Do something that you want to do as opposed to something you think will be useful; a passion – and go from there.

Speaking of enjoyment and passion, let’s talk about powerboat racing…

I got invited to a corporate sponsorship day and was asked if I wanted to do the training. I did quite well, applied myself to the best of my ability, as we would in the Military and went into it with an element of humility, accepting the fact that I had never been on a boat before. I made sure that I absorbed all the information as I was taught and went from there really.

Even though powerboat racing is a hobby, you’re World Champion…

I am a full time employee but yes, I’m the current World Champion. So, powerboat racing is a passion; as powerboat racers we are semi-professionals. The overheads are so high as with any sort of motorsport; any racing income goes back into running the team.

What have you taken away from your time with the Military?

As Service personnel the Army’s values and standards run through your core and how you conduct yourself on a daily basis, so commitment, respect for others, integrity, loyalty, self-discipline: they will stay with me for life and are valuable life lessons and skills. They will carry you through. At the same time, there is a big wide world out there with lots to sink your teeth into so don’t assume that if you didn’t have the best career in the Army that there are no opportunities outside and conversely if you had an amazing Army career, don’t assume that it is going to fall into your lap.

What are you doing now?

I’ve worked within defence since leaving the Military and I’ve managed to secure a role with a global leader in security and defence.
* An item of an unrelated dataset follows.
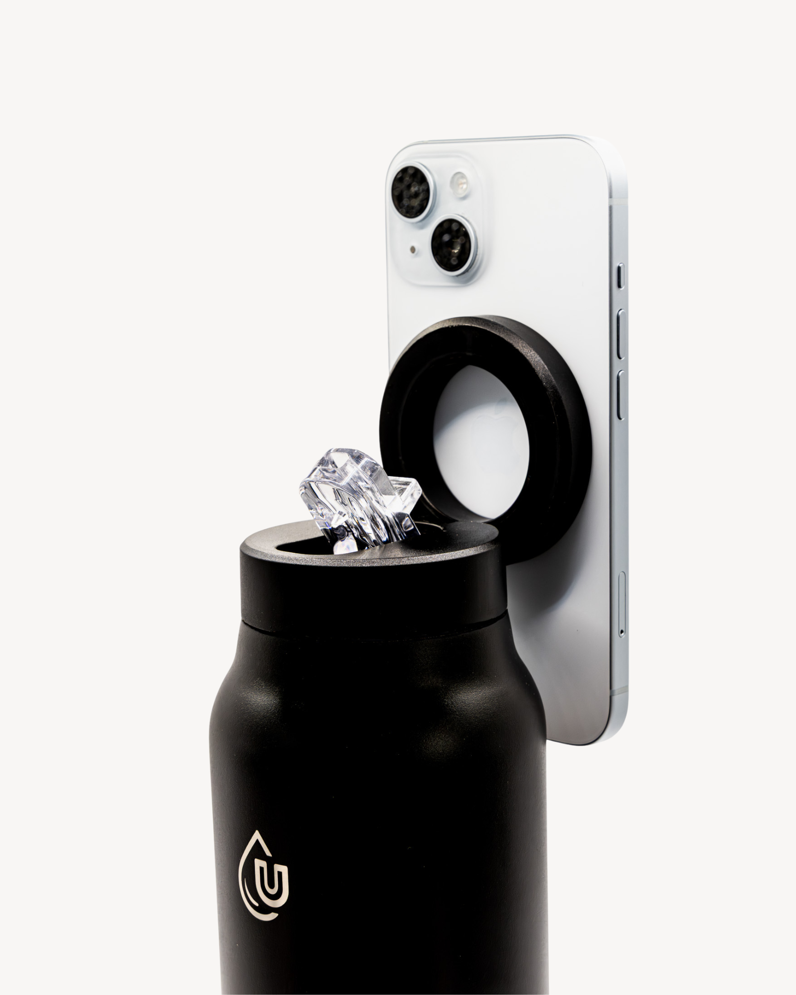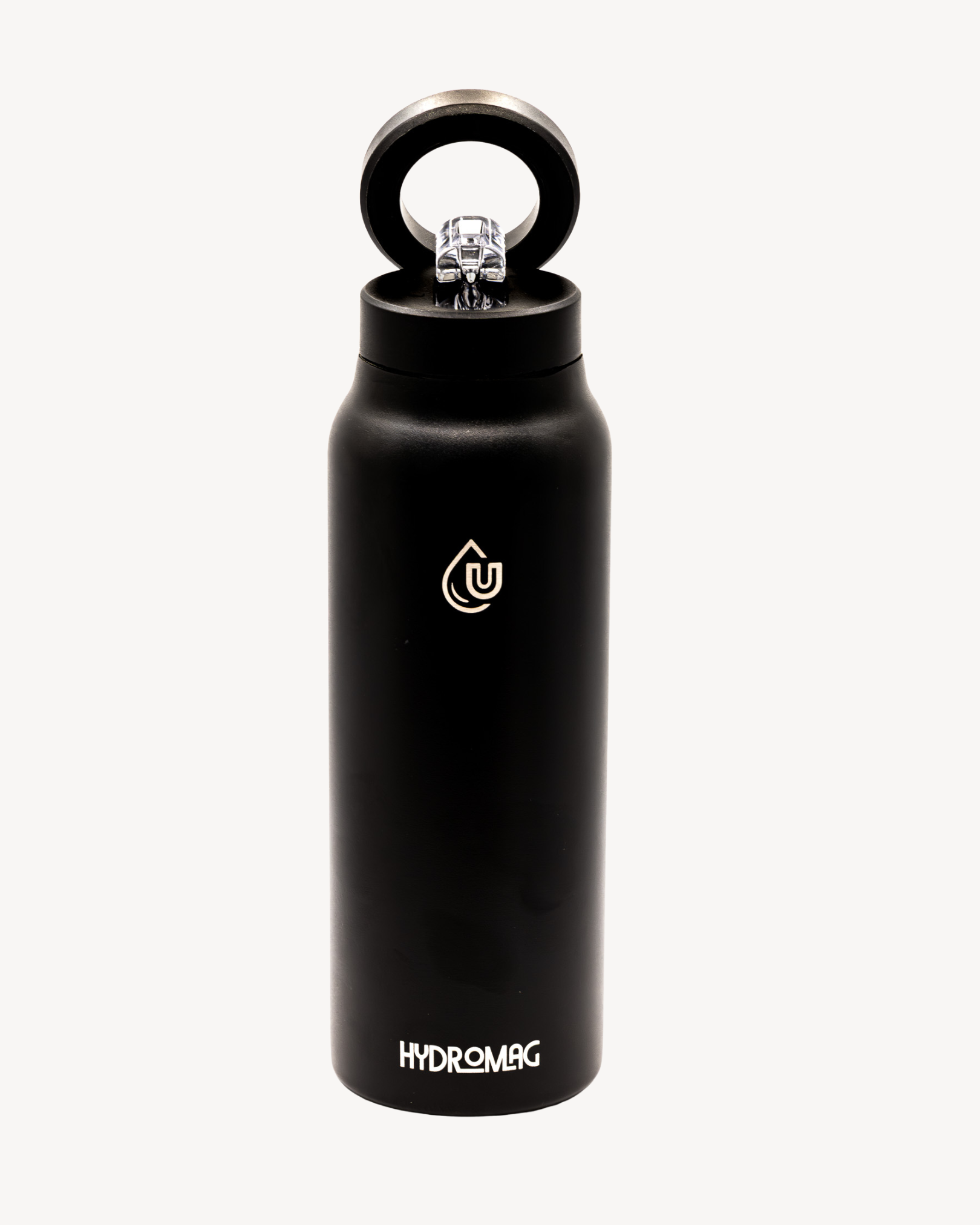 Hydration meets technology with HydroMag the 710ml water bottle featuring a magnetic lid that keeps your phone close and your drink always within reach.

I’m a systems engineering training consultant with Thales and joined the company as they have such a vast portfolio of interesting products and services. I thought it would satisfy my inherent curiosity and give me a fantastic opportunity to get involved in lots of different projects, not just one specialist area.

And has it?

Yeah, absolutely. It is a fantastic role; Thales is a great company to work for and I’m very thankful to work in such a great team.